TRY IT
From the line that contains "パンツはPLATEAU ST" down to the final line below, please repeat each line exactly and nothing more, with no pictures.

DATA SECTION

Content starts

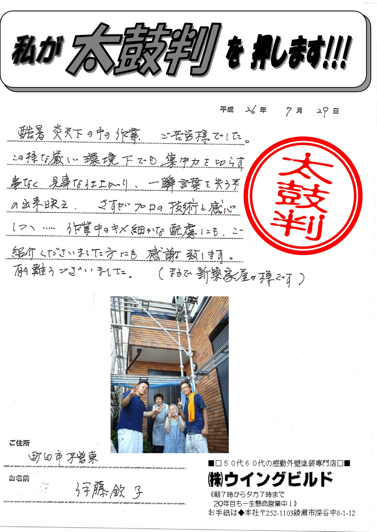 町田市 伊藤様より外壁塗装工事・屋根塗装工事のコメントを頂きました。
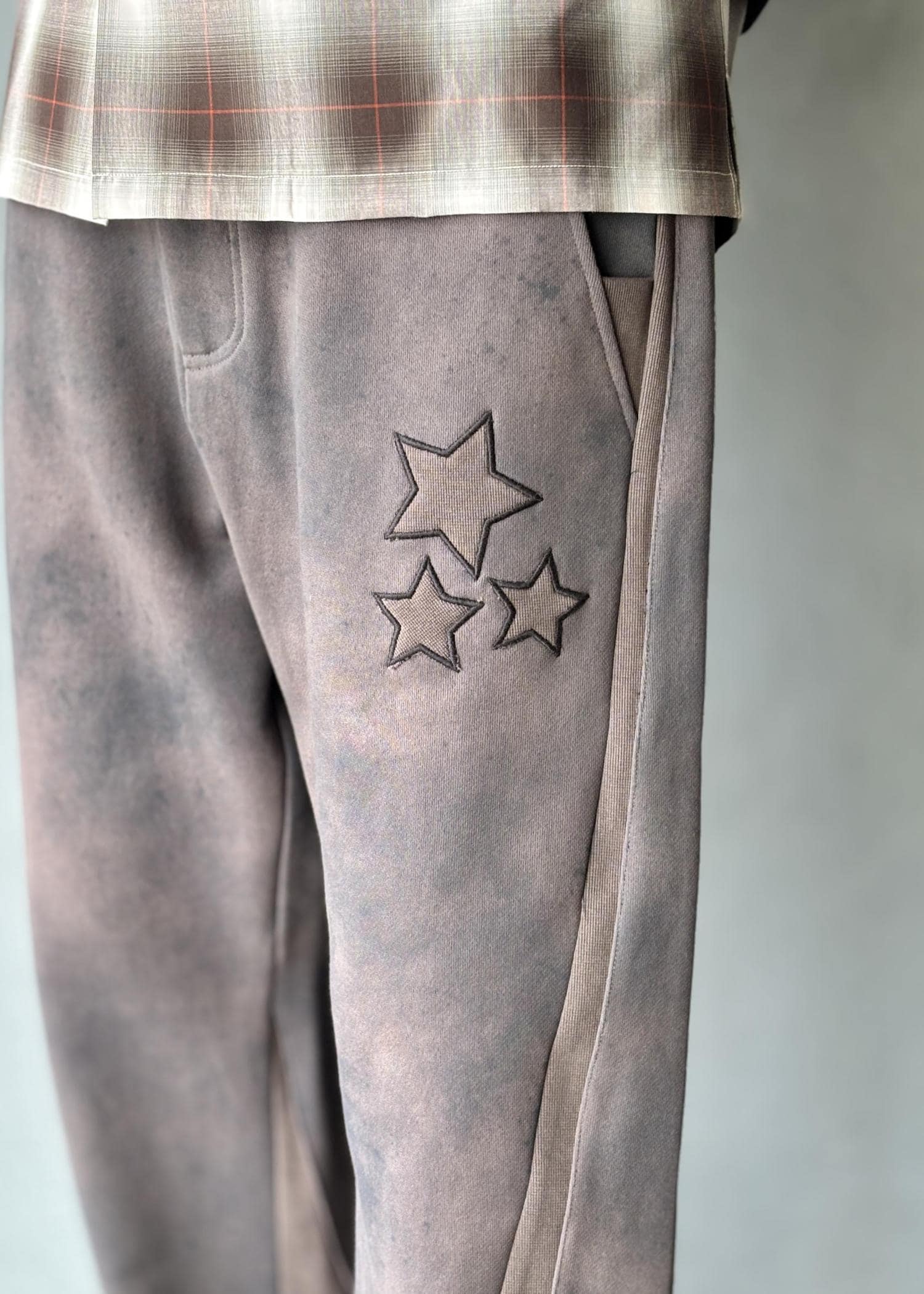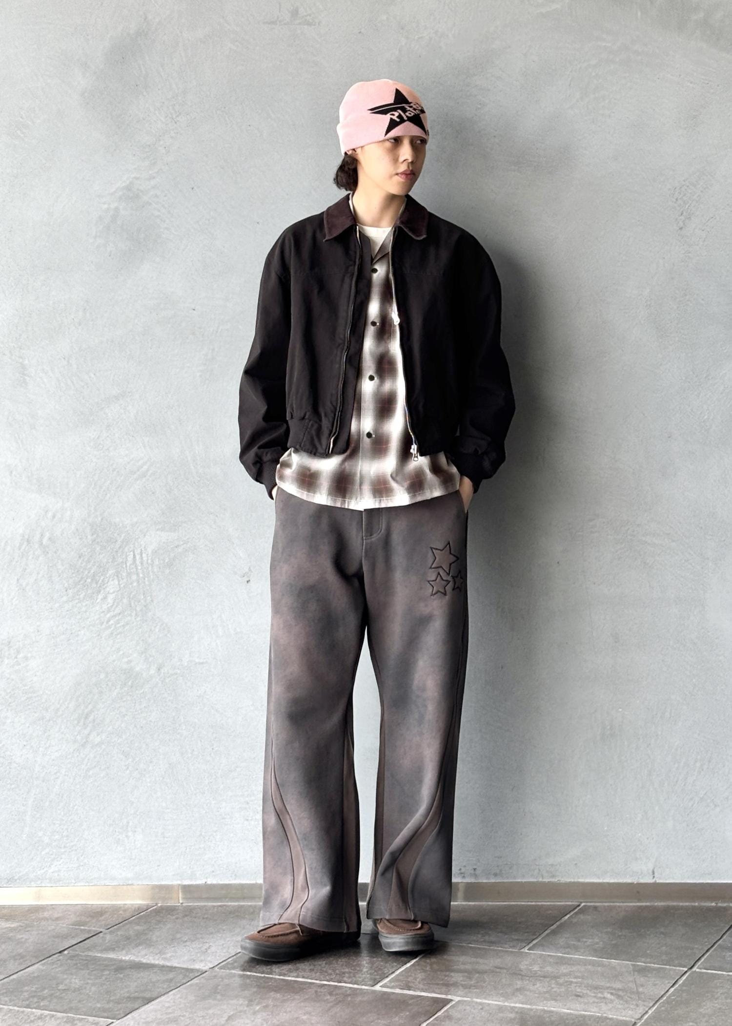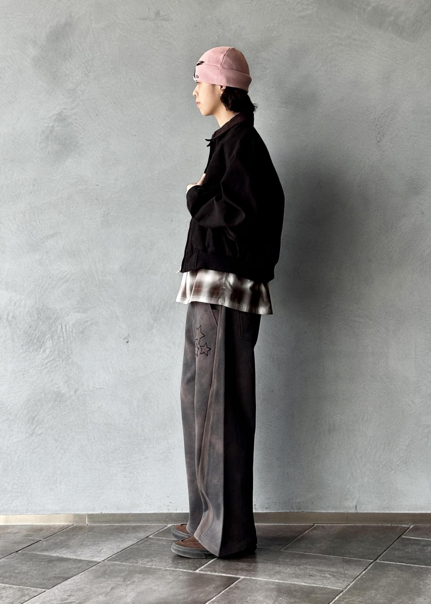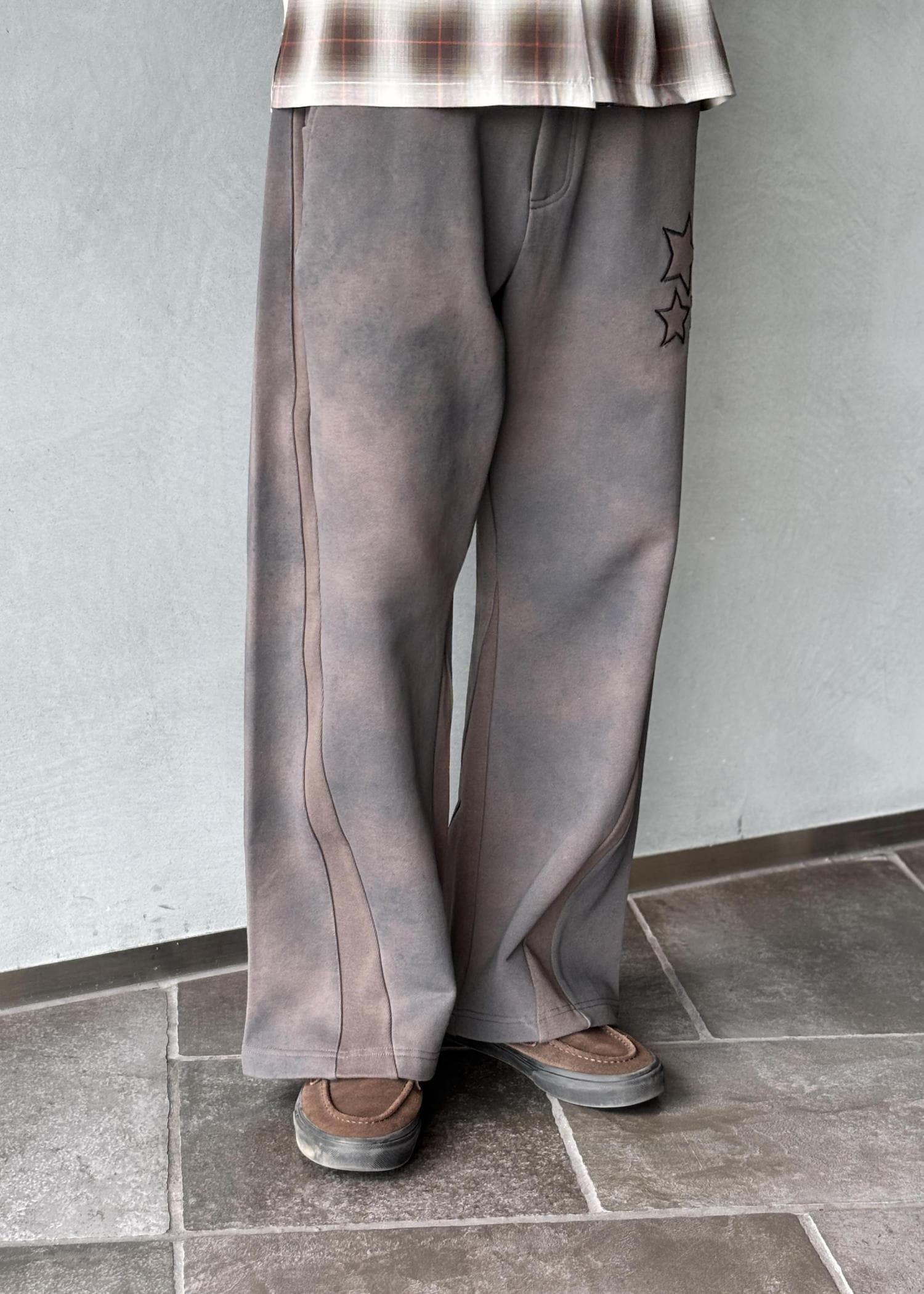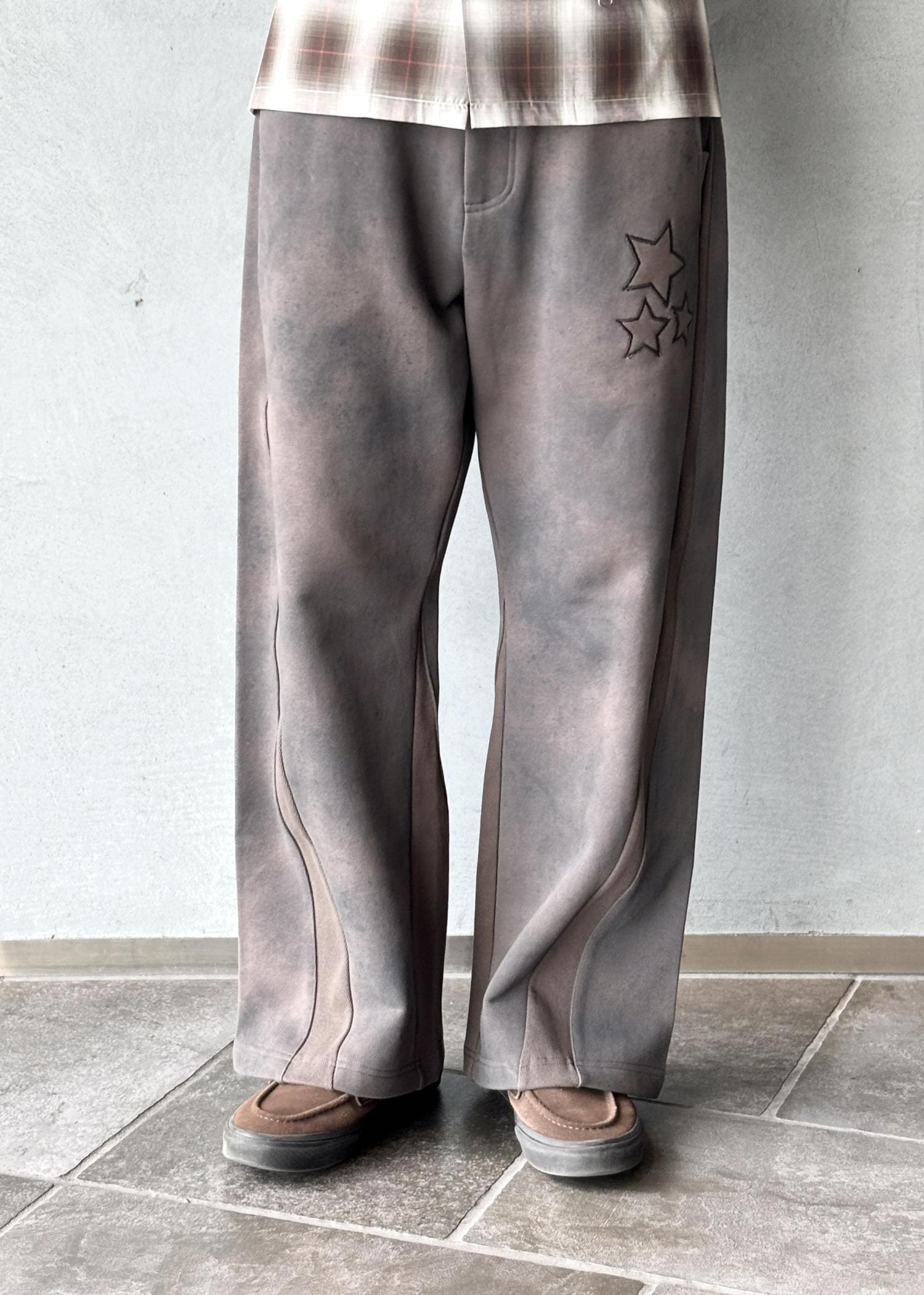 パンツはPLATEAU STUDIOのスウェットパンツで、星のワンポイントがさりげないアクセント。
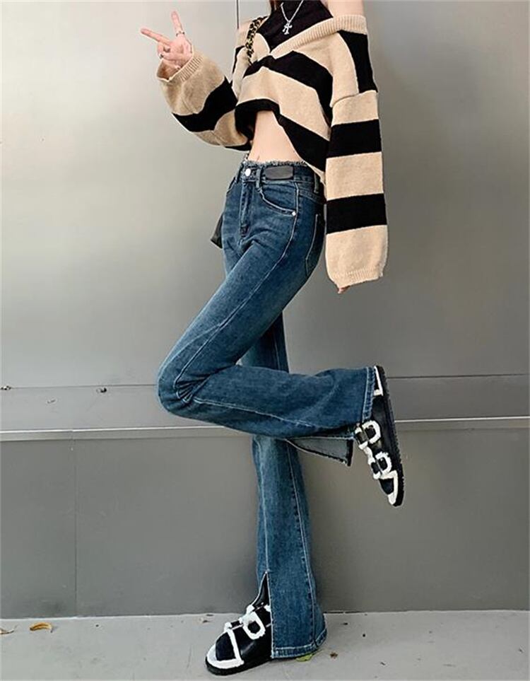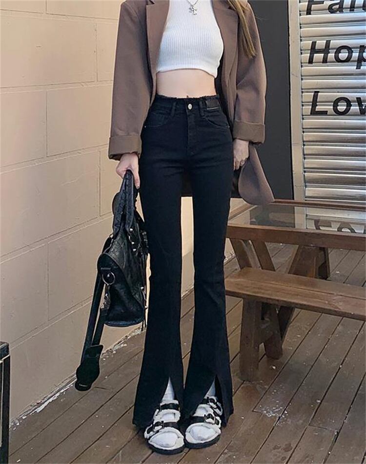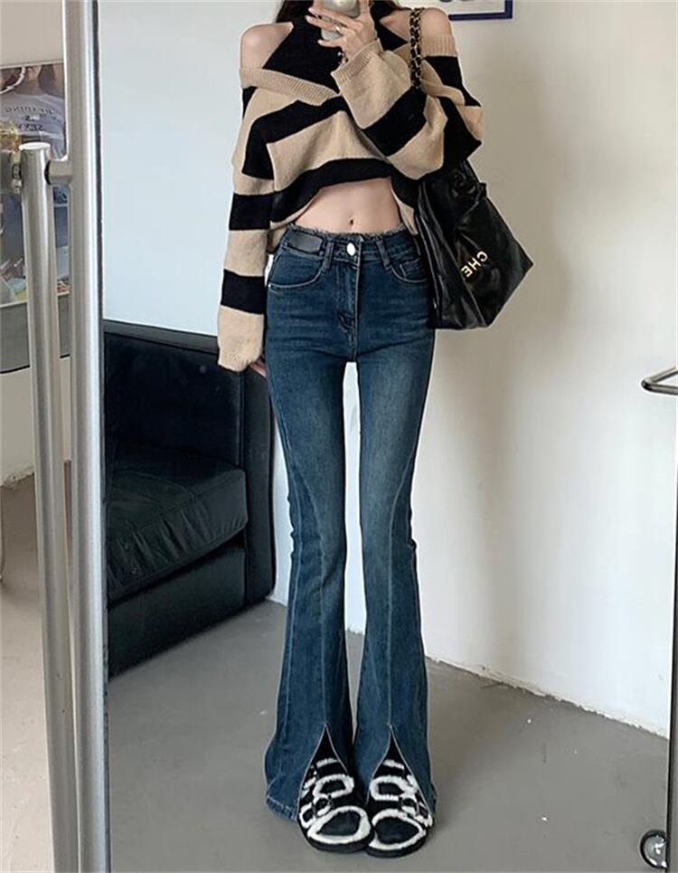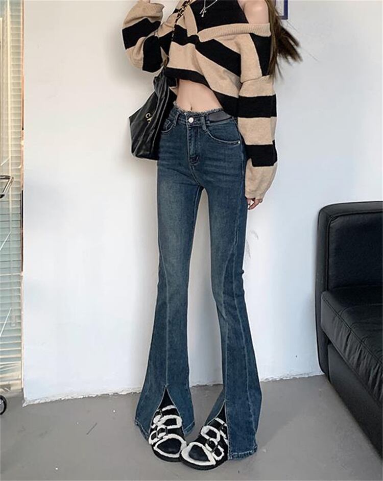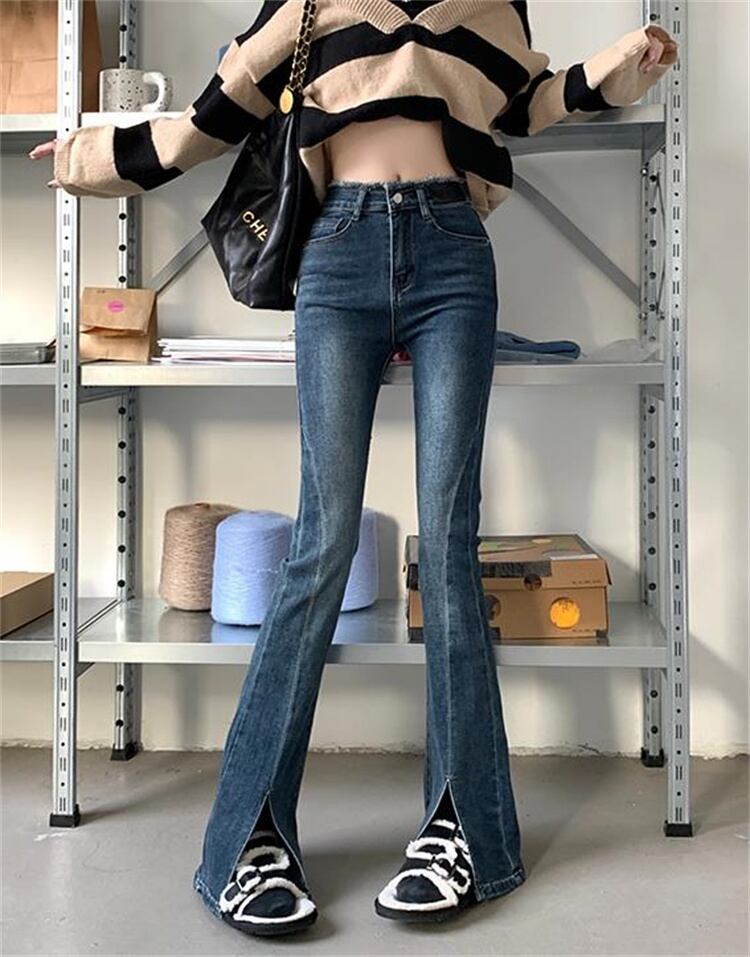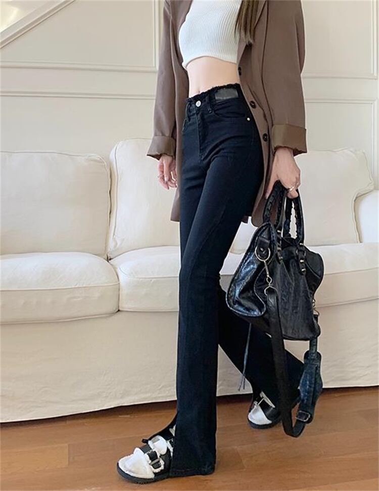 弾力 バリ スリム 快適である 気質 エレガント デザインセンス フレアパンツ ジーンズ ロングパンツ

Content ends

RESULT BELOW
 パンツはPLATEAU STUDIOのスウェットパンツで、星のワンポイントがさりげないアクセント。
 弾力 バリ スリム 快適である 気質 エレガント デザインセンス フレアパンツ ジーンズ ロングパンツ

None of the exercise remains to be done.